▸ **TASK DETAILS**
Your task is to repeat exactly the lines from the one with "Die Montage der" through the end of the records, both included; please leave the pictures out.

▸ **THE DATA**
-=-=-

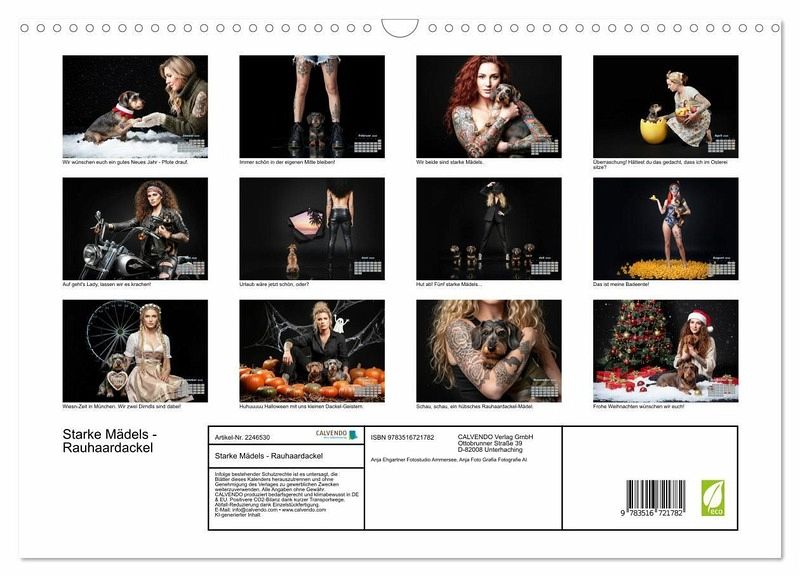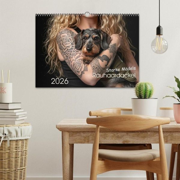 Sie sind eine echte Augenweide: Die Rauhaardackel-Mädels mit dem Charme und der Ausstrahlung von Super-Models. Die starken Mädels zaubern Ihnen jeden Monat ein Lächeln ins Gesicht. Zu jeder Jahreszeit und jedem Anlass im Jahr stehen die Schönheiten im Mittelpunkt. Ja, die Rauhaardackel und ihr Personal wickeln jeden um den kleinen Finger - Pfote drauf! Dieser schöne Kalender wurde mit Hilfe von KI gestaltet.
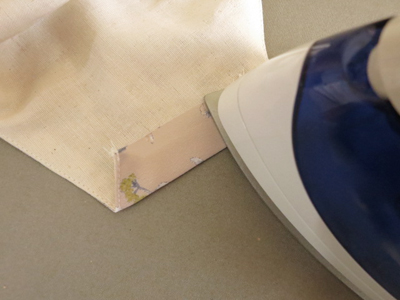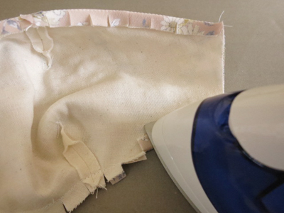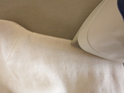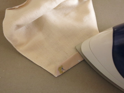 ぬいしろに切込みを入れたら、アイロンを使って出来上がり位置でぬいしろを内側に折り、脇から表に返します。
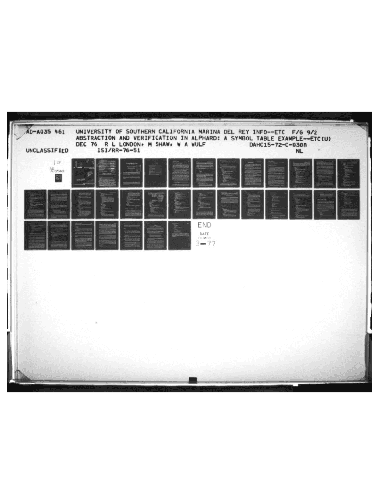 _ _ _ _ 2iAO35 Q61 UNCLASSIFIED_ _UNIVERSITY OF SOUTHERN CALIFORNIA MARINA DEL REY INFOETC FIG 9/2 ABSTRACTION AND VERIFICATION IN ALPHARD: A SYMBOL TABLE EXAMPLETC (U) DEC 76 R L LONDON. M 51MW,
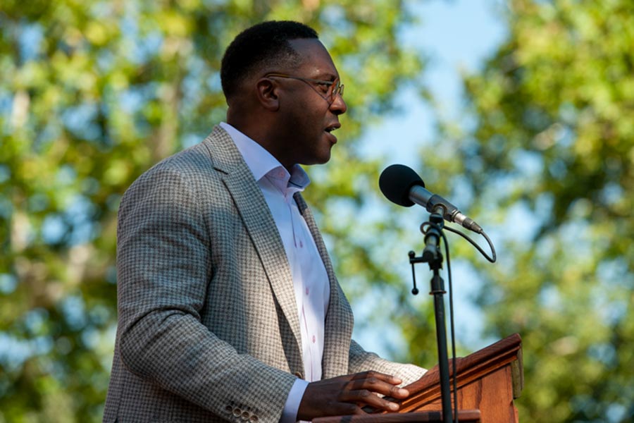 Later in the afternoon, students and parents gathered on the south lawn of Old Main to take part in a Welcome to Knox event. Knox College leaders, including President C. Andrew McGadney, shared messages of excitement for the new year, the many opportunities ahead, and much more.
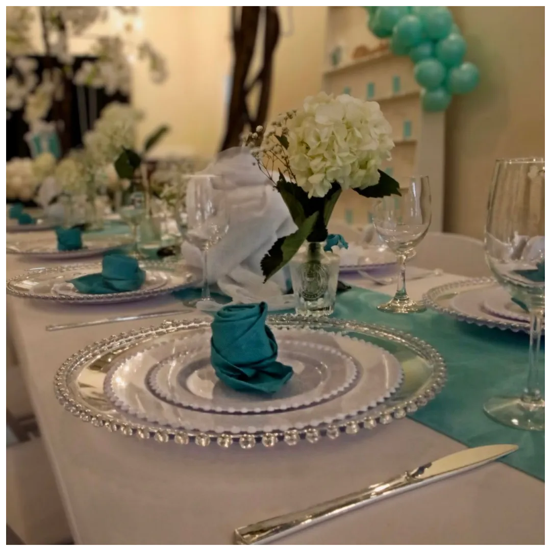 Elegant Tablescape: Premium linen with matching napkins, floral centerpieces, and chargers
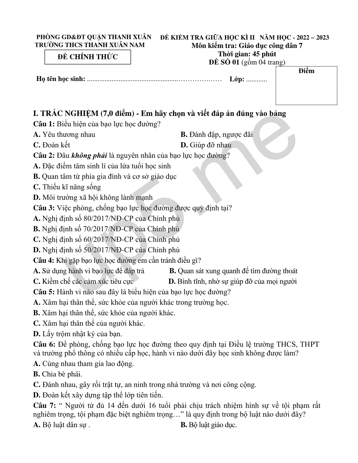 | TRƯỜNG THCS THANH XUÂN NAM | Môn kiểm tra: Giáo dục công dân 7 | ||
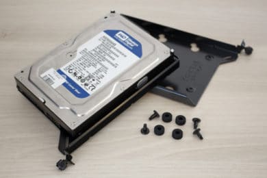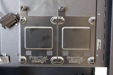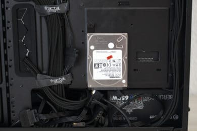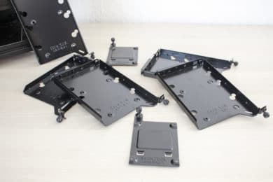 Die Montage der Festplatten ist einer der wenigen Fälle, wo ein Schraubendreher zum Einsatz kommen muss. Die Befestigung der SSDs an den Rahmen erfolgt über vier Schrauben. Der Rahmen selber wird mittels einer Rändelschraube mit dem Mainboard-Tray verbunden. Wer seine SSDs lieber präsentieren möchte, kann diese aber auch oberhalb der Netzteilabdeckung anbringen. Auch der Einbau von 3,5″-HDDs benötigt die Verwendung eines Schraubendrehers. Mithilfe von länglichen Schrauben werden Gummiringe unter die Festplatte geschraubt. Anschließend kann man den Datenträger entkoppelt am Rahmen befestigen und diesen wieder in den Schacht schieben.
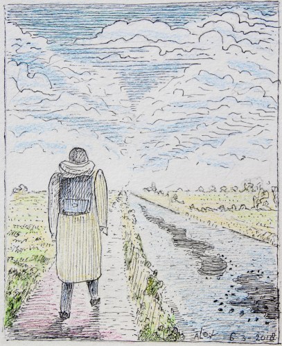Terwijl ik op mijn fiets stap denk ik aan Frijlân, de plek waar ik straks heen ga. Ook daar zullen kinderen zijn om te spelen en te leren op de boerderij. “Leren van nature,” wordt de slogan. Wie weet kom ik vaker in zo’n kinderdrom te staan. Als ik wegfiets over het asfalt, waait een frisse wind om mijn hoofd en zonlicht schijnt over het boerenland. Nog even en het zal ander land zijn, waar ik fiets, waar ik de lente zie ontluiken, een ander land en Friese kinderen. Zou er ook een geitenboer zijn?
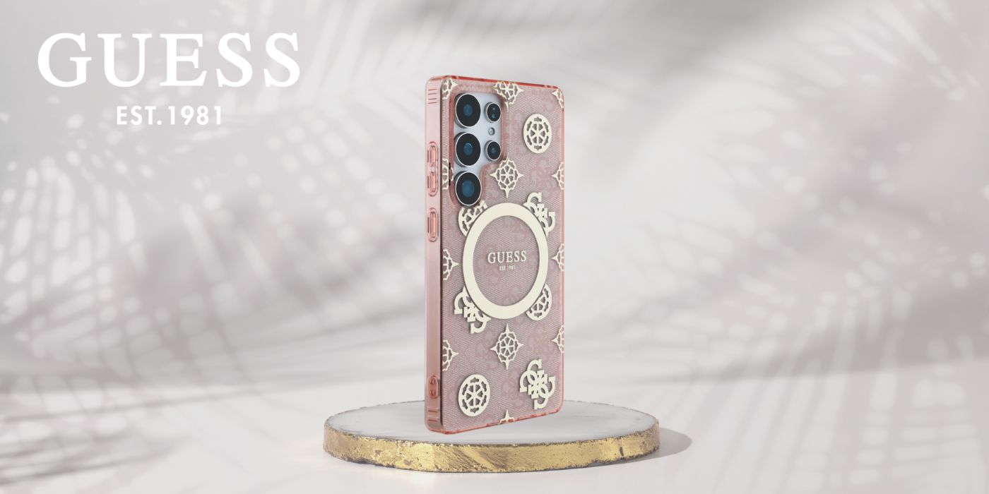 Exclusive case protective from a reputable brands Guess It is a combination of elegance and style at the highest level. The case is made of high-quality... polycarbonate and polyurethane. The surface is adorned with a characteristic gold and black pattern. 4G and a golden ring MagSafe.

-=-=-

▸ **EXERCISE ANSWER**
 Die Montage der Festplatten ist einer der wenigen Fälle, wo ein Schraubendreher zum Einsatz kommen muss. Die Befestigung der SSDs an den Rahmen erfolgt über vier Schrauben. Der Rahmen selber wird mittels einer Rändelschraube mit dem Mainboard-Tray verbunden. Wer seine SSDs lieber präsentieren möchte, kann diese aber auch oberhalb der Netzteilabdeckung anbringen. Auch der Einbau von 3,5″-HDDs benötigt die Verwendung eines Schraubendrehers. Mithilfe von länglichen Schrauben werden Gummiringe unter die Festplatte geschraubt. Anschließend kann man den Datenträger entkoppelt am Rahmen befestigen und diesen wieder in den Schacht schieben.
Terwijl ik op mijn fiets stap denk ik aan Frijlân, de plek waar ik straks heen ga. Ook daar zullen kinderen zijn om te spelen en te leren op de boerderij. “Leren van nature,” wordt de slogan. Wie weet kom ik vaker in zo’n kinderdrom te staan. Als ik wegfiets over het asfalt, waait een frisse wind om mijn hoofd en zonlicht schijnt over het boerenland. Nog even en het zal ander land zijn, waar ik fiets, waar ik de lente zie ontluiken, een ander land en Friese kinderen. Zou er ook een geitenboer zijn?
 Exclusive case protective from a reputable brands Guess It is a combination of elegance and style at the highest level. The case is made of high-quality... polycarbonate and polyurethane. The surface is adorned with a characteristic gold and black pattern. 4G and a golden ring MagSafe.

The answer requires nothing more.